What are your rules for your children, when it comes to playing in the neighborhood? Do you allow your kids to visit nearby parks without you?


  1. Daria says:

    Tough one. I’m struggling with what is good for building independence and where the line is for safety. I”m realizing the Jessica thing has affected me more than I thought. Now every time my kids head out the door I wonder if they are going to be hurt by a stranger. Weird for me and I don’t like it.

    If the siblings are together I feel much more comfortable than solo wanderings. At least I feel someone is there to get help if something goes wrong.

    But, yes, I’ve let the kids go to the park without me for 30min at a time. I give them my phone and make them call when they get there and call when they leave.

    I am SO not a helicopter mom, so this anxiety is really getting to me…

    Good call on turning around mama!!

    1. Laura says:

      That’s exactly it, Daria – I’m sure the danger has always been there lurking, but having a child abducted and murdered practically in your backyard has changed our whole city.

  2. Loretta says:

    Eeks!
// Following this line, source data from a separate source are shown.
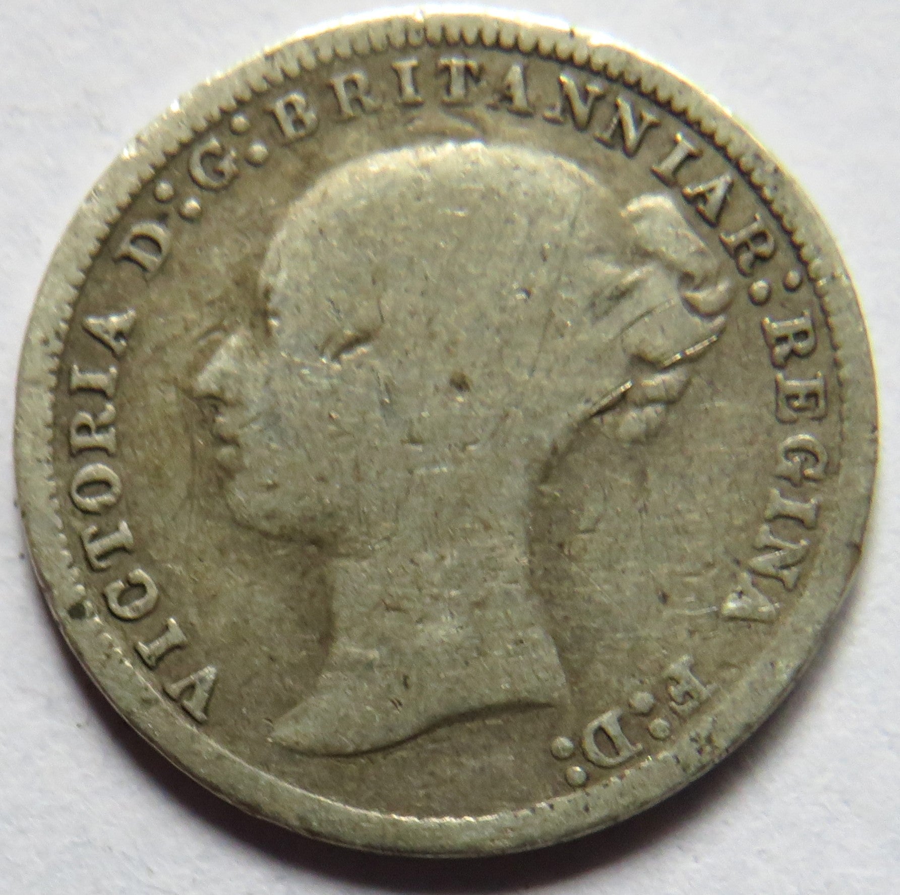 For Sale - 1875 Queen Victoria Young Head Silver Threepence Coin - Great Britain
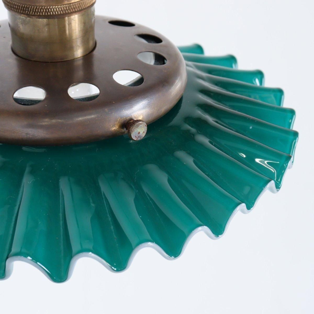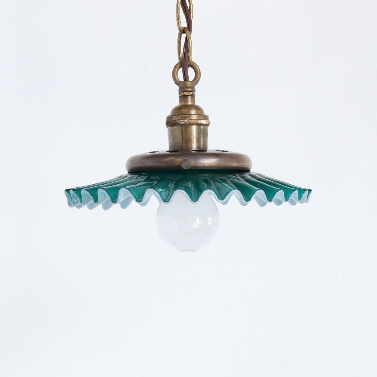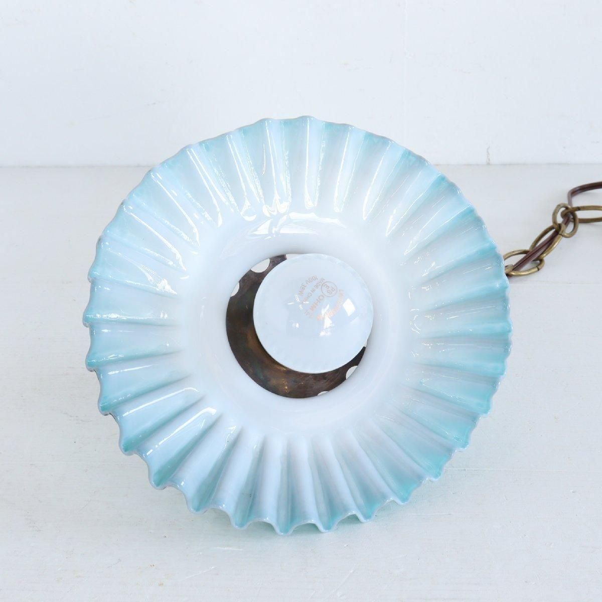 フリル型のシェードがとても魅力的で、グリーンとホワイトカラーのガラスが、優しく温かみのある光を灯してくれます。
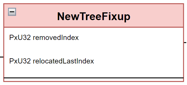 NewTreeFixup 用来记录删除包围盒操作所影响的两个包围盒下标。至于为什么是两个,之前在 PruningPool 中也有简单的介绍,为了保证数组连续,会用末尾的数据填充到删除位置,因此删除操作实际上是一次替换,把最后一个位置的数据替换到删除位置,所以这里需要记录两个下标。具体删除细节可以回顾一下 PruningPool.removeObject。
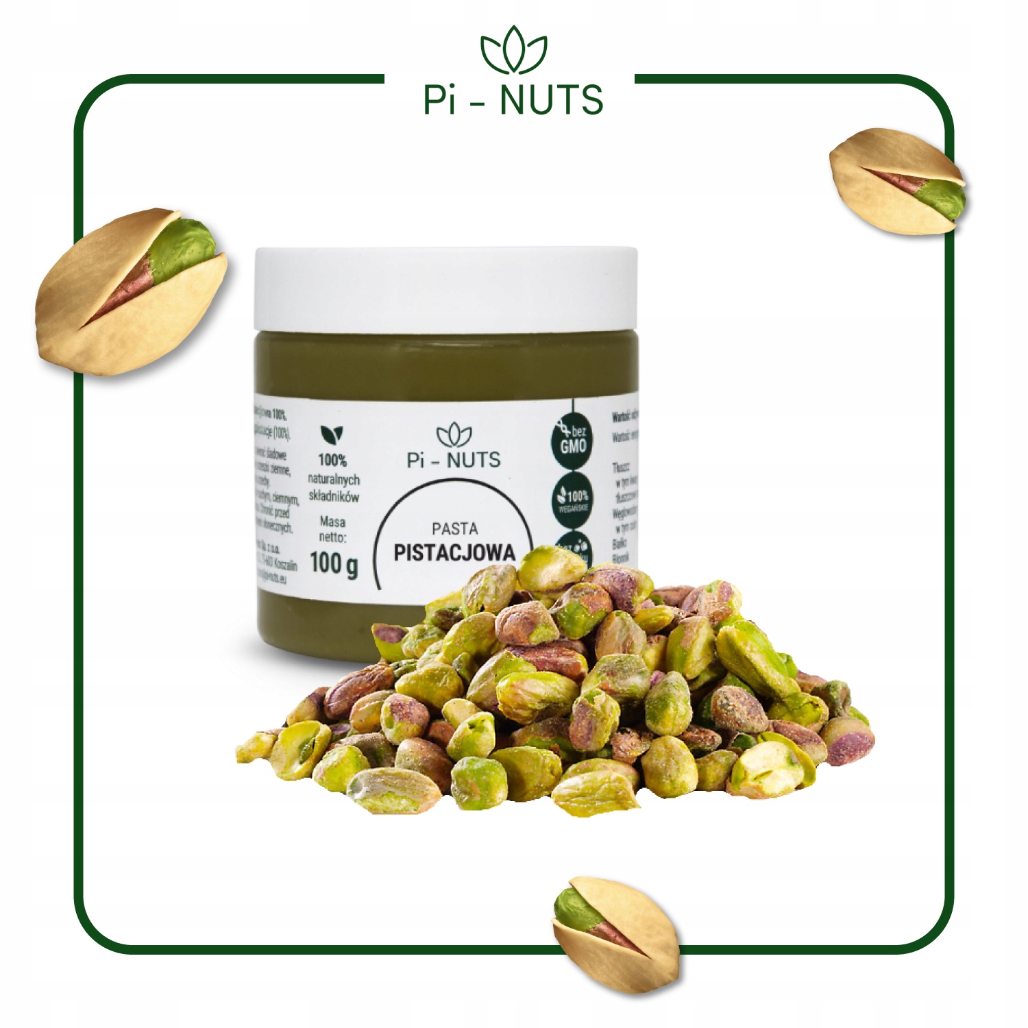 Пистахиновая паста Pi-орехи составляют 100% фисташки. Он не содержит никаких добавок, консервантов или дополнительных веществ. > Продукт, произведенный в Польше

So glad Pablo was quickly located. I know those few moments of wondering where they’ve gone are painful and feel like little lifetimes whizzing by.

    I always had a hard time deciding how far was close enough that I would let the kids play without one of us and how far was truly absolutely too far. Finding a balance between happy kids and spazzing out mom was always difficult for me (still is difficult for me) Even when we lived in the fenced apartment/townhouse community and the playground was part of the community I had a hard time letting the kids go there on their own, I made them come back home to check in frequently …

    Maybe if the park he wants to visit is super nearby with no main roads to cross to get to it and a sibling goes with it could be something to let them try with a time limitation. I always made the boys take a cell phone with them too (they have their own now, but they didn’t before) it generally made me feel better knowing they had the phone if they needed something and I told them to call me when they walking back.

    1. Laura says:

      And that’s the thing, Retta – it’s not like it SHOULD be unsafe. He’s going to be TEN, for cryin’ out loud. I think I MIGHT be able to allow them to go in a group – maybe. I don’t know. Like Daria said, we were changed by the abduction of Jessica Ridgeway. It’s hard to want to let your kids out of your sight these days.

  3. Amy Lynn says:

    My brother has a tracking device for his kids. It’s a really good one. They tried it out in a football stadium. I’ll get the name and text it to you. Mother’s intuition is some crazy shit! Way to go Mama! You are amazing!

    1. Laura says:

      AWESOME, Amy – please do. We’d be very interested.

  4. Kim in Salt Lake City says:

    Holy cats! How scary! I’m so very glad it all turned out OK!

  5. Karen says:

    Aw man I’m so glad you had that intuition to turn around! How scary. I’m so glad he’s okay.